**EXERCISE DIRECTIONS:** Return the listing below verbatim. Pictures do not belong in the copy.

**SOURCE DATA:**
▶

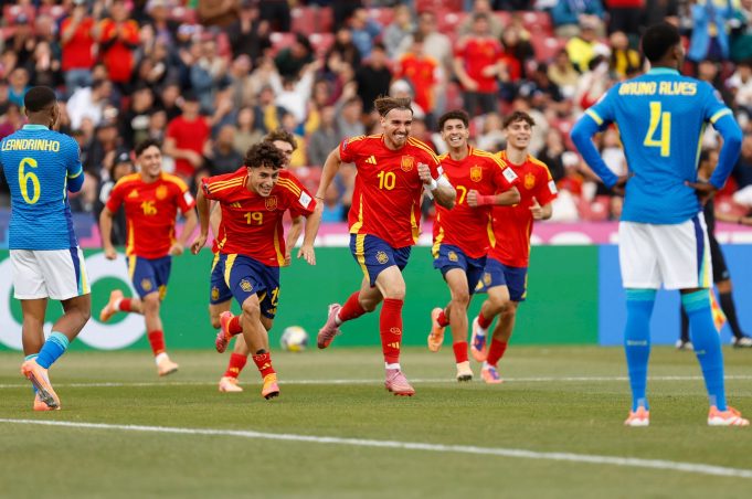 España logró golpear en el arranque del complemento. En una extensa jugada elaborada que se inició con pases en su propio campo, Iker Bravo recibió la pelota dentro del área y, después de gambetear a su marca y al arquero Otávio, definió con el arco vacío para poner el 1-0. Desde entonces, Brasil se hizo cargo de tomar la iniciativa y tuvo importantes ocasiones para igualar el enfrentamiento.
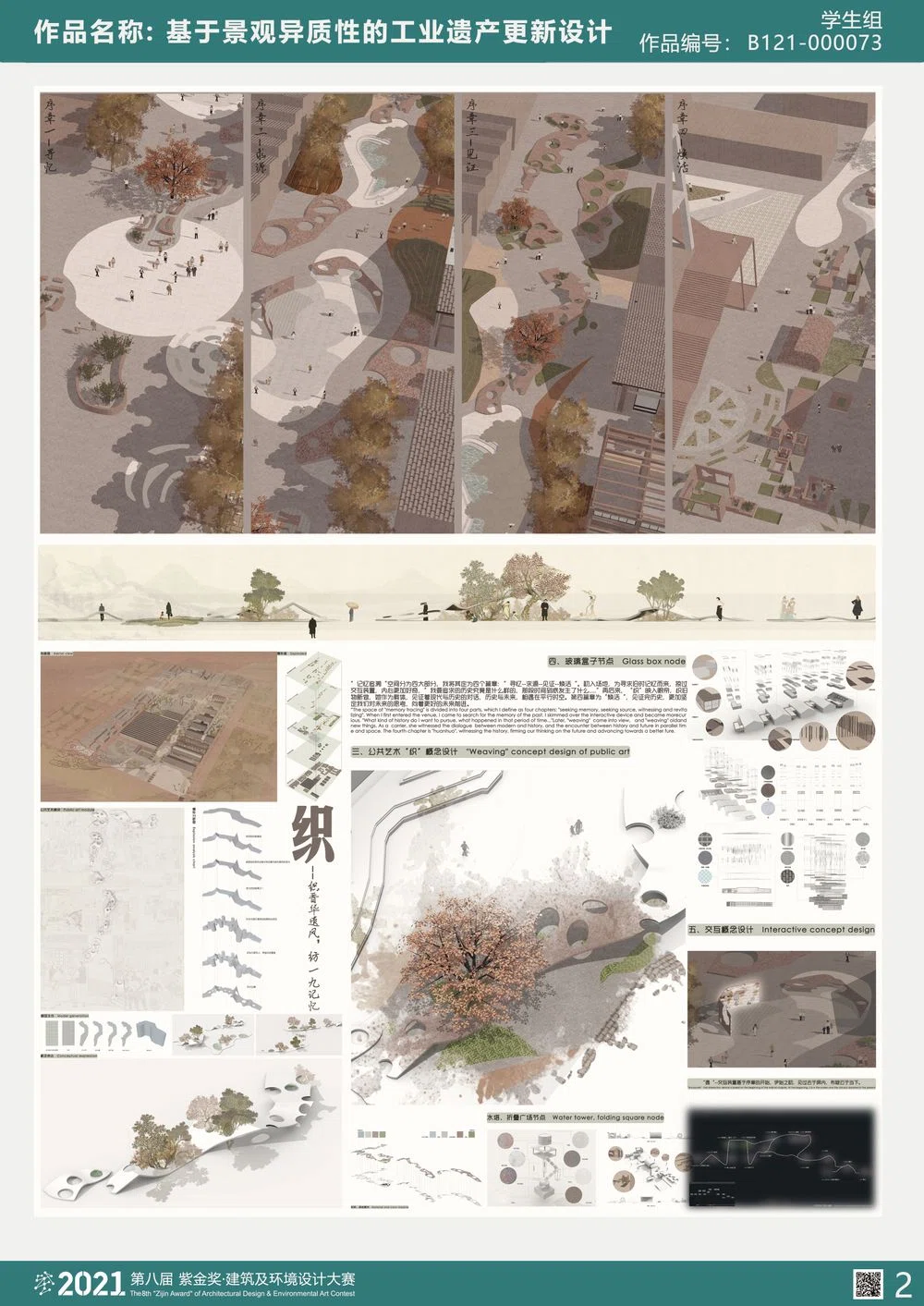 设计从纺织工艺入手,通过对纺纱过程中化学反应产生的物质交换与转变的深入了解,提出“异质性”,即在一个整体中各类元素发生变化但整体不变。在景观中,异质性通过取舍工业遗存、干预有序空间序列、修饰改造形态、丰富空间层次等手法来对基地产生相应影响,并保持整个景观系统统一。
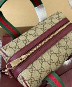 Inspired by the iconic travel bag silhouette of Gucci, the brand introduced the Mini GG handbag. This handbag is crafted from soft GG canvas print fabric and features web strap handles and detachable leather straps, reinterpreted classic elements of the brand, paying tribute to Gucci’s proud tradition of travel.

◀

**TASK SOLUTION:**
 España logró golpear en el arranque del complemento. En una extensa jugada elaborada que se inició con pases en su propio campo, Iker Bravo recibió la pelota dentro del área y, después de gambetear a su marca y al arquero Otávio, definió con el arco vacío para poner el 1-0. Desde entonces, Brasil se hizo cargo de tomar la iniciativa y tuvo importantes ocasiones para igualar el enfrentamiento.
 设计从纺织工艺入手,通过对纺纱过程中化学反应产生的物质交换与转变的深入了解,提出“异质性”,即在一个整体中各类元素发生变化但整体不变。在景观中,异质性通过取舍工业遗存、干预有序空间序列、修饰改造形态、丰富空间层次等手法来对基地产生相应影响,并保持整个景观系统统一。
 Inspired by the iconic travel bag silhouette of Gucci, the brand introduced the Mini GG handbag. This handbag is crafted from soft GG canvas print fabric and features web strap handles and detachable leather straps, reinterpreted classic elements of the brand, paying tribute to Gucci’s proud tradition of travel.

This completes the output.